### The data
# # # # # # #

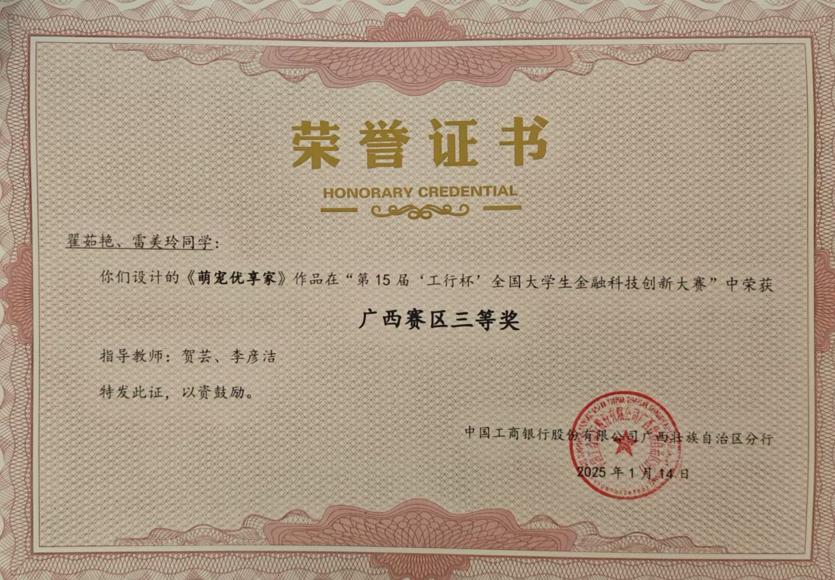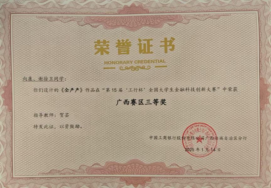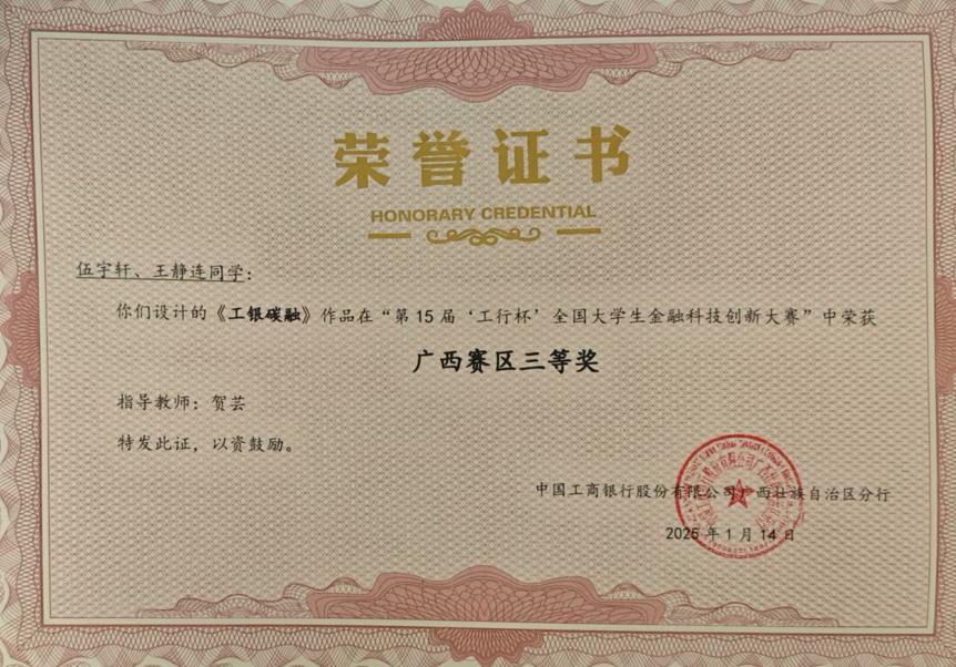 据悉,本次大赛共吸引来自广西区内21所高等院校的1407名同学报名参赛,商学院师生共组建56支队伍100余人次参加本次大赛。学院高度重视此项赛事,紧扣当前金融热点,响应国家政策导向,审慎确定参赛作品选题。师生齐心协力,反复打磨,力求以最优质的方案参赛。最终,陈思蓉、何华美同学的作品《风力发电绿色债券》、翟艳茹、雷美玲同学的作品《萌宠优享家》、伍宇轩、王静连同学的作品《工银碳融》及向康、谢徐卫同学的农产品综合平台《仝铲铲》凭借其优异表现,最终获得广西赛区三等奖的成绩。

# # # # # # #

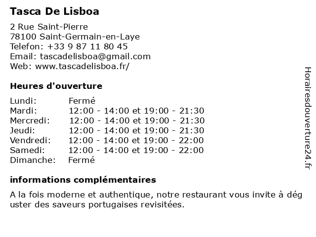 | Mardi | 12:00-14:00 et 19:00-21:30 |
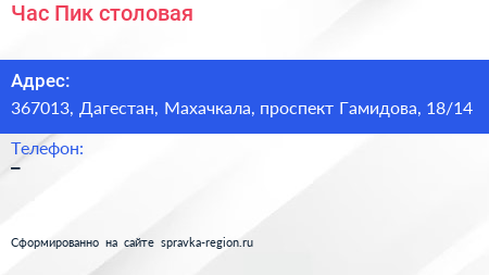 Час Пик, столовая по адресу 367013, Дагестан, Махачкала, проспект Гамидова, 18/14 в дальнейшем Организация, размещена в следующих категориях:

# # # # # # #

### What is being asked
Above are the records; please give again, exactly and in full, only the lines that run from the line with "et 19:00-21:30 |" through the line with "Час Пик, столовая", with no pictures.

### Answer to this problem
 | Mardi | 12:00-14:00 et 19:00-21:30 |
 Час Пик, столовая по адресу 367013, Дагестан, Махачкала, проспект Гамидова, 18/14 в дальнейшем Организация, размещена в следующих категориях:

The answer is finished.